It can be observed from the crystal structures that the porphyrins’ rings all exhibit the typical saddle-shaped conformation. Interestingly, substitution at the para- or meta-position can also induce partial ruffling of the porphyrin core (Table 5). Of all para-functionalized structures, porphyrin 33 bears the most similarity to that of compound 26, with minimal ruffling observed and the overall magnitudes of out-of-plane and in-plane distortions are comparable.
Table 5.
Compound | 26 | 27 | 28 | 29 | 33 | 36 | 37 | Units |
| ||||||||
pyrrole tilt | 28.0 | 28.4 | 31.2 | 32.9 | 29.0 | 29.0 | 31.1 | º |
N–N dist. (adj) |
2.70 | 2.71 | 2.71 | 2.72 | 2.73 | 2.71 | 2.71 | Å |
N–N dist. (opp) |
3.77 | 3.80 | 3.80 | 3.81 | 3.83 | 3.78 | 3.79 | Å |
ΔCmesoa | 0.03 | 0.32 | 0.13 | 0.15 | 0.03 | 0.22 | 0.22 | Å |
ΔCalphab | 0.5 | 0.47 | 0.51 | 0.53 | 0.5 | 0.5 | 0.5 | Å |
ΔCbetac | 1.21 | 1.13 | 1.28 | 1.32 | 1.21 | 1.21 | 1.26 | Å |
Δipd | 1.06 | 1.03 | 1.22 | 1.28 | 1.09 | 1.14 | 1.24 | Å |
B1g | 0.07 | 0.05 | 0.02 | 0.00 | 0.06 | 0.12 | 0.04 | Å |
Eu(x) | 0.08 | 0.00 | 0.07 | 0.00 | 0.05 | 0.00 | 0.05 | Å |
A1g | 1.06 | 0.99 | 1.21 | 1.27 | 1.08 | 1.11 | 1.21 | Å |
A2g | 0.00 | 0.27 | 0.11 | 0.17 | 0.04 | 0.21 | 0.22 | Å |
Δoope | 3.73 | 3.58 | 3.93 | 4.06 | 3.72 | 3.78 | 3.91 | Å |
B2U (sad) | 3.73 | 3.46 | 3.91 | 4.04 | 3.72 | 3.72 | 3.86 | Å |
B1u (ruf) | 0.00 | 0.92 | 0.35 | 0.45 | 0.1 | 0.66 | 0.61 | Å |
A2U (dom) | 0.11 | 0.06 | 0.01 | 0.00 | 0.04 | 0.14 | 0.04 | Å |
aAverage displacement of meso-carbon atoms from the xy plane, (C5, C10, C15, and C20) relative to the 24-atom mean porphyrin plane (mean plane defined as Δz = 0). bAverage displacement of α-carbon atoms from the xy plane (C1, C4, C6, C9, C11, C14, C16, C19) relative to the 24-atom mean porphyrin plane (Δz = 0). cAverage displacement of β-carbon atoms from the xy plane (C2, C3, C7, C8, C12, C13, C17, C18) relative to the mean porphyrin plane (Δz = 0). dAverage deviation of the 24-atom macrocycle (x,y coordinates) from the mean porphyrin plane, based on the least-squares method (mean plane defined as Δx and Δy = 0). eAverage deviation of the 24-atom macrocycle (z coordinates) with respect to the least-squares plane (mean plane defined as Δz = 0) [54].

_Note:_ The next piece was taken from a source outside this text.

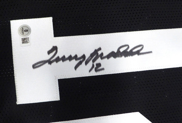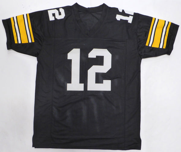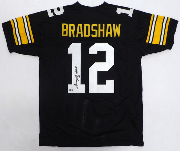 This is a Black Jersey that has been hand signed by Terry Bradshaw. This is a custom jersey with no name brand. The approximate size is XL. It has nice sewn in name and numbers. This item has been certified authentic by Beckett Authentication (BAS) and comes with their tamper-proof QR Code sticker that can be verified on the Beckett-authentication.com.

With compound 26, no ruffling of the porphyrin ring is observed; however, with anthracene residues (27) a ruffling distortion of almost 1 Å is observed. This is not obvious at first, but differences in molecular symmetry [55] can be easily visualized using the neoplastic NSD plot [10] shown in Figure 3. Furthermore, the mean pyrrole ring tilt increases by 3–5° in the case of compounds 28 and 29 compared to that of compound 26. Saddle-shape distortion is reduced compared to that of biphenyl 26; this may be due to the proximity of the anthracene moiety to the β-ethyl positions, with C23–C14B within 3.63 Å and their respective hydrogen atoms 1.97 Å away from each other. However, this does not account for the increased ruffling observed in porphyrins 28 and 29, with similar distances to the β-ethyl groups as in porphyrin 26, and despite this there is almost 0.5 Å magnitude of ruffle distortion. This may also be due to crystal packing effects or the Ni(II) metal center [56–57], as well as the crystallization solvent [43]. It is not possible to ascertain whether steric effects of the β-ethyl and the anthracenyl carbons are causing the ruffling observed, and a full statistical model of a large library of dodecasubstituted porphyrins is needed to understand these observed effects.
When comparing meta-substituted porphyrins 36 and 37, ruffle distortion of the porphyrin ring is also observed. Interestingly in the case of the meta-anthracenyl derivative, the para-anthracenylporphyrin 27 experiences a magnitude of ≈0.3 Å less ruffling when compared to that of the meta-substituted porphyrin 37. In terms of meta-phenyl-substituted porphyrin 36 a contribution of ruffling is observed, but no ruffling is observed in the planar analogue.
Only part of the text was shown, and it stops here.